Extraskeletal osteosarcomas are rare. Few primary mammary osteosarcomas have been reported; many of these have been described in association with a biphasic tumor. Fifty pure osteosarcomas of the breast, diagnosed between 1957 and 1995, were reviewed after excluding those of biphasic origin. The absence of epithelial differentiation was confirmed using a panel of immunohistochemical markers in 32 cases and using ultrastructural evaluation in an additional four cases. Tumors occurred in 49 women and one man; age ranged from 27 to 89 years (median, 64.5 years). One patient received radiotherapy for ipsilateral breast carcinoma 9 years before presentation.
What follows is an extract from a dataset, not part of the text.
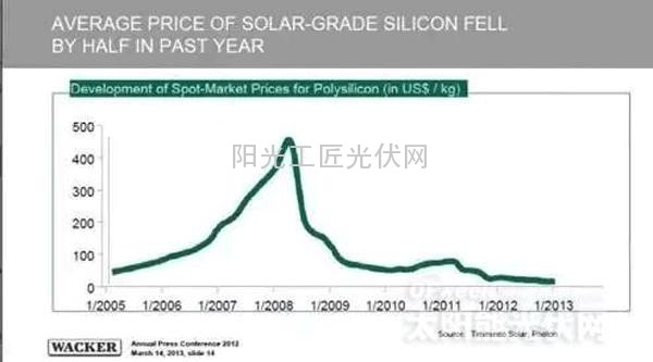 令苗连生万万没想到的是,在六九硅业成立仅几个月后,美国次贷危机就爆发了,进而演变为一场席卷全球的金融危机。大危机之下,多晶硅的价格断崖式暴跌,下跌幅度堪称恐怖。2008年,多晶硅的价格是每公斤300美元;到2011年上半年,跌至每公斤60~80美元;到2012年,更是跌至每公斤12美元,持续至今且有微跌。

Patients were treated by excisional biopsy (n = 13), tylectomy (n = 5) or mastectomy (n = 32). All axillary nodes, dissected in 20 patients, were free of tumor. One patient had extramammary spread at diagnosis. The neoplasms were 1.4 cm to 13.0 cm (mean, 4.6 cm), and 60% were grossly circumscribed. Tumors were classified as fibroblastic (n = 28), osteoclastic (n = 14), or osteoblastic (n = 8). Of 39 patients with available follow-up information, locally recurrent (n = 11) and metastatic (n = 15) disease developed in 23 (59%) at a mean of 10.5 and 14.5 months from diagnosis. Eight (73%) patients in whom local recurrence developed were treated with excisional biopsy or tylectomy; of these, seven had a positive margin. Sixteen (41%) patients died of disease at a mean of 17.1 months, within 20 months of onset of metastases, most commonly to the lung. Mammary osteosarcomas are aggressive tumors with a propensity for blood-borne rather than lymphatic spread. Total excision without axillary dissection is advised.